During the 2000 National Beef Quality Audit, concern was expressed about the green discoloration that occurs in injection-site lesions in muscles of the chuck when packaged in high-oxygen, modified atmosphere packages.1 Research has shown that meat color is one of the most important factors to consumers when they select beef to purchase at retail.2 High-oxygen, modified-atmosphere packaging is used by retailers to increase the color-life of meat products merchandized in retail-ready packaging systems.3 The elevated level of oxygen (40 – 80%) in high-oxygen, modified-atmosphere packages decelerates oxidation of myoglobin in meat and causes beef to exhibit a brighter red color for longer; however, for some unknown reason, oxidation is accelerated in injection-site lesions in a manner causing green discoloration of the lesion. As retailers continue to market ever-increasing amounts of high-oxygen, modified atmosphere packaged steaks and roasts from the chuck, appearance of green injection-site lesions will continue to increase.
Injection-site lesions result from damage to muscle tissue when pharmaceuticals are injected with a needle. The most severe damage occurs when pharmaceuticals are delivered by intramuscular injection (IM). Injections administered subcutaneously (SQ), using any non-tented technique, may also cause intramuscular damage.3 The occurrence of injection-site lesions and the severity of lesions vary with the calf’s age at injection, product administered, individual animal response to product, contamination and adjuvant used in the vaccine.4,5
Injection-site lesions can vary in appearance and can be classified as: clear, woody callus, nodular, metallic or cystic.6 Clear lesions and woody calluses are typical of injections given to animals during the earlier stages of their life, regardless of the product injected. Injection-site lesions grow as the calf grows, similar to how a hide brand enlarges as a calf grows.7 Metallic and nodular lesions are typical of pharmaceuticals administered to cattle in mid-to-late feeding phases, while cystic lesions are typical of injections given to cattle late in the finishing phase, regardless of product injected.7, 8, 9
Injection-site lesions were one of the primary quality concerns in the 1991 National Beef Quality Audit and the 1999 National Market Cow and Bull Beef Quality Audit (NMCBBQA) according to packers and end-users.10,11 The National Beef Quality Audit – 1991 attributed a nationwide loss of $54,967,635 per year to injection-site lesions found in the top-sirloin butt in fed steers and heifers.10 National Cattleman’s Beef Association (NCBA) now recommends that no more than 10 cc be administered per injection-site, and that injection sites should be at least 2 to 3 inches apart, using both sides of the neck when possible. Injections should be administered in the neck region in front of the point of the shoulder. Subcutaneous injections should be administered using the tented technique. If a pharmaceutical can be administered either IM or SQ, always choose SQ. These practices are to prevent the loss of higher valued cuts from the loin and round.

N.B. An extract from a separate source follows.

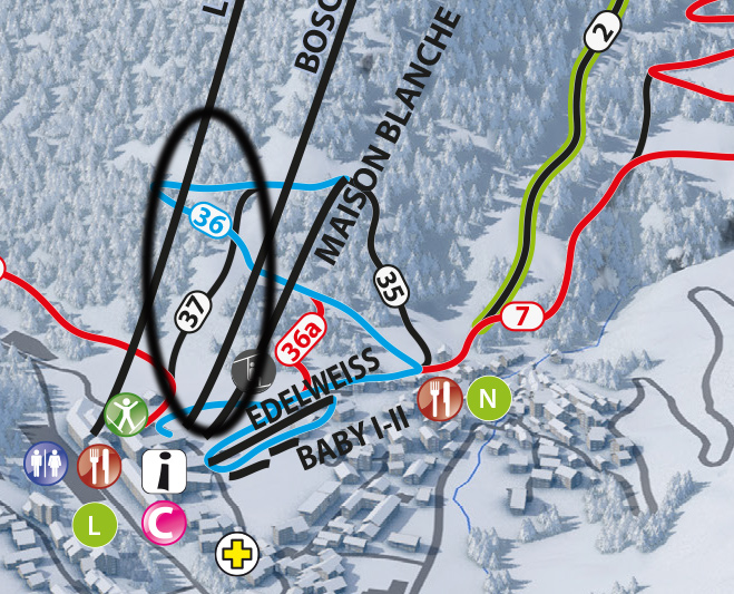 Da La Thuile prendi la seggiovia quadriposto fissa Mason Blanche, subito a destra della seggiovia Bosco Express. Attenzione perchè i due impianti, benchè possano sembrare paralleli, non finiscono nello stesso punto! Una volta a monte, scendi sul lato sinistro imboccando la pista facile n. 36. La 37 inizia subito dopo, alla tua sinistra.

Implementation of these practices reduced the incidence of injection-site lesions in top sirloin butts of fed steers and heifers from 21.3% in July 1991 to 2.1% in July 2000.11
In most cases, detection of injection-site lesions is not possible at the packing plant level of the industry; the lesion is concealed within the muscle and/or beneath the subcutaneous fat layer. Injection-site lesions are predominately detected after the interior of affected muscle is exposed during wholesale/retail fabrication, or by consumers at retail.6
Since the 2000 National Beef Quality Audit, a new injection-site challenge has arisen. Distributors and retailers of case-ready chuck steaks and roasts frequently find injection-site lesions. Brian McFarlane, Director of Research and Development at Tyson Fresh Meats, reported that approximately 25% of the chucks fabricated for their case-ready retail line had one or more lesions in the form of an abscess or as damaged tissue, resulting in an approximate loss of $3 million per year to Tyson Fresh Meats. At fabrication, lesions may not be obvious, woody lesions and clear calluses can be difficult to distinguish from fat, and may not be trimmed off. During the 2000 National Beef Quality Audit, an industry representative expressed concern that green discoloration of some injection-site lesions was occurring in muscles of the chuck when packaged in high-oxygen, modified atmosphere. The first step in addressing this new injection-site challenge was to determine if the green discoloration was really an injection-site. In order to validate that green discoloration was occurring due to injection-site lesions, and not because of something else, histopathological analyses were performed. Analyses of slides made from muscle tissue containing green lesions showed characteristics consistent with those of injection sites. These characteristics included scar tissue, atrophied (shrunken) muscle fibers, adjuvant, and sheets of macrophages and fibrous connective tissue. Results confirmed that green discoloration was an injection-site; not a bruise or other quality defect.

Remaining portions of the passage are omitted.